YOUR GOAL —
Using the listing below, print the line containing "Accessori: Manopole e", the line containing "- Multi-function: Can", and each line between them, exactly and nothing else. Pictures stay out of the print.

--- MATERIAL PROVIDED Enclosed Below ---

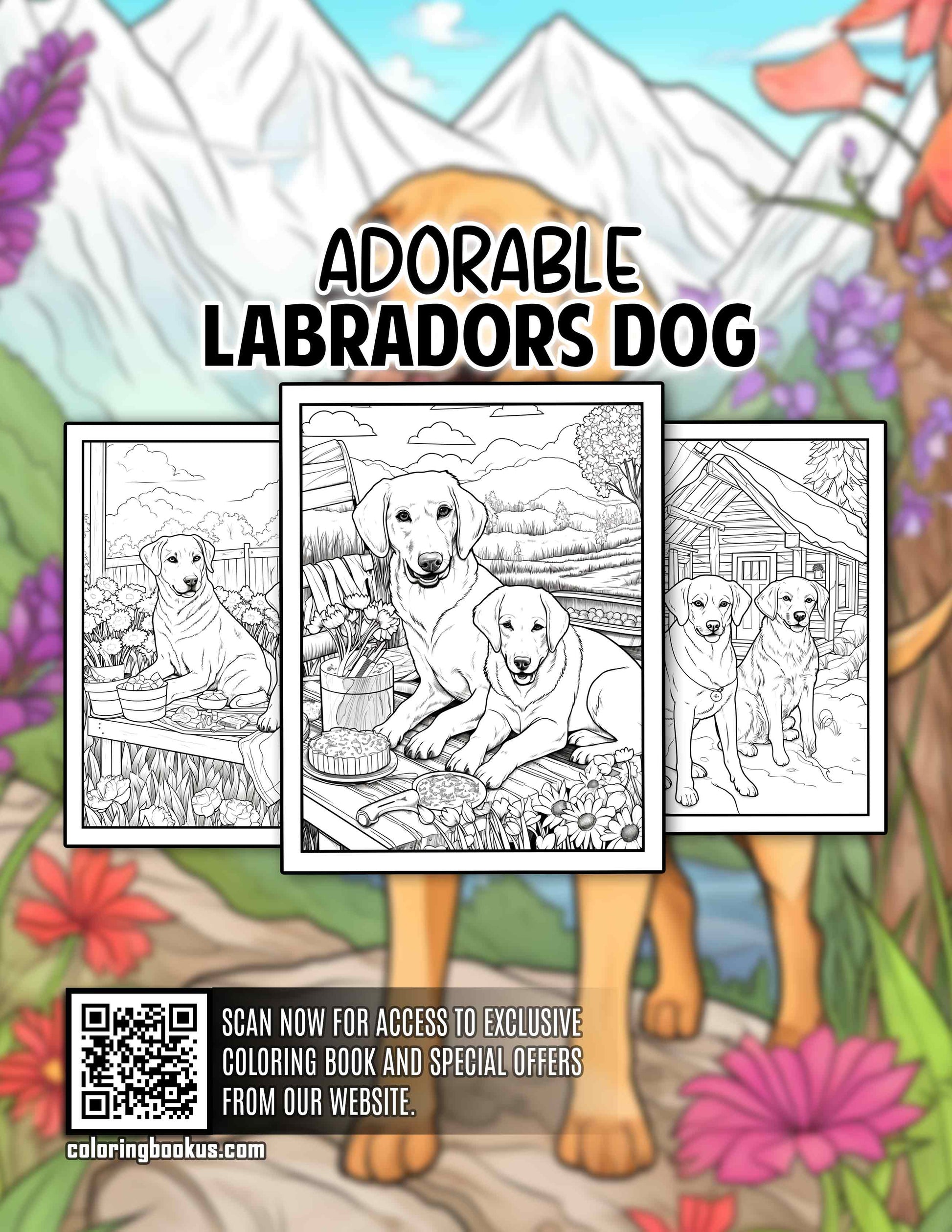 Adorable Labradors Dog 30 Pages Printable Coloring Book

--- End of Enclosed MATERIAL PROVIDED ---
--- MATERIAL PROVIDED Enclosed Below ---

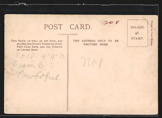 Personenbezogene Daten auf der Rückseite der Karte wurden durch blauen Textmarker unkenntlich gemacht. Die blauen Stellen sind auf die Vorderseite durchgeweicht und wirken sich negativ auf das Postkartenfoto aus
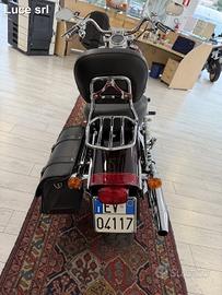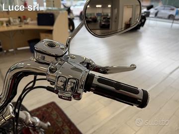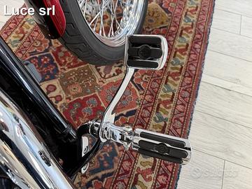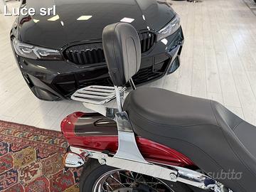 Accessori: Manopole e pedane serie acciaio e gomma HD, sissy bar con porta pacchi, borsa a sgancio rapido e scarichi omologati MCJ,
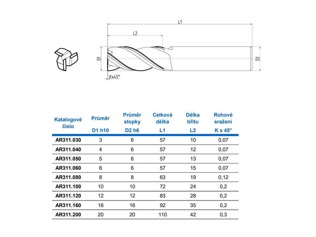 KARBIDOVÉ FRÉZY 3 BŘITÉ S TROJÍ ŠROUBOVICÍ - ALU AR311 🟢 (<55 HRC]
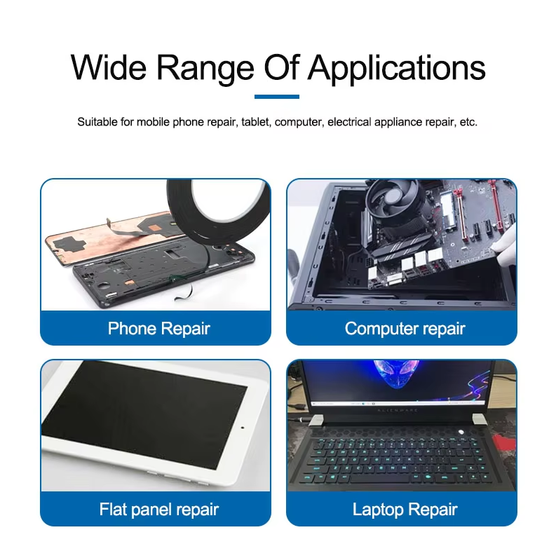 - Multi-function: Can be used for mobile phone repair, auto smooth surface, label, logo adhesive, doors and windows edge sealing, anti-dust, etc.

--- End of Enclosed MATERIAL PROVIDED ---
--- MATERIAL PROVIDED Enclosed Below ---

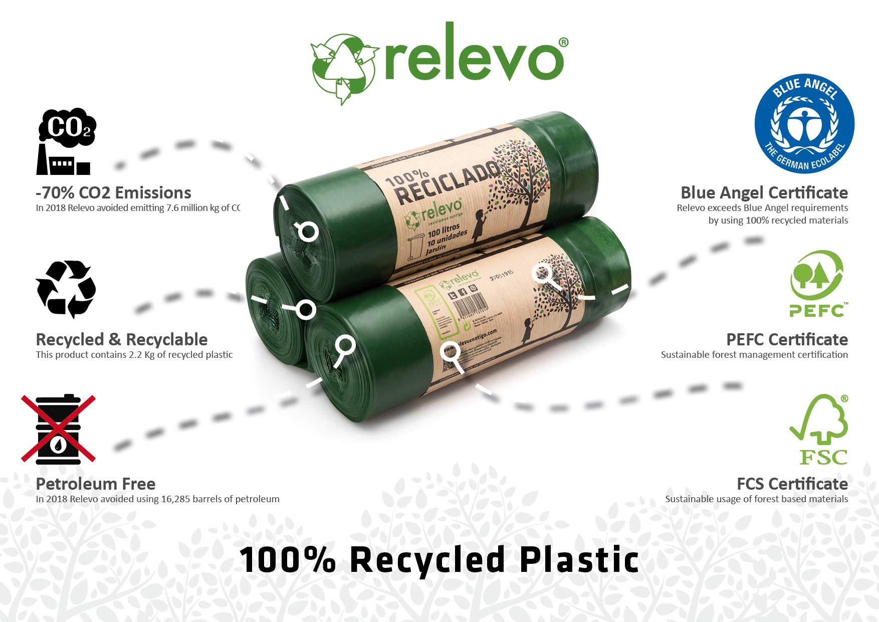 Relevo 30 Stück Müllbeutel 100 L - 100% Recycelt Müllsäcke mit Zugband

--- End of Enclosed MATERIAL PROVIDED ---

EXERCISE RESPONSE —
 Accessori: Manopole e pedane serie acciaio e gomma HD, sissy bar con porta pacchi, borsa a sgancio rapido e scarichi omologati MCJ,
 KARBIDOVÉ FRÉZY 3 BŘITÉ S TROJÍ ŠROUBOVICÍ - ALU AR311 🟢 (<55 HRC]
 - Multi-function: Can be used for mobile phone repair, auto smooth surface, label, logo adhesive, doors and windows edge sealing, anti-dust, etc.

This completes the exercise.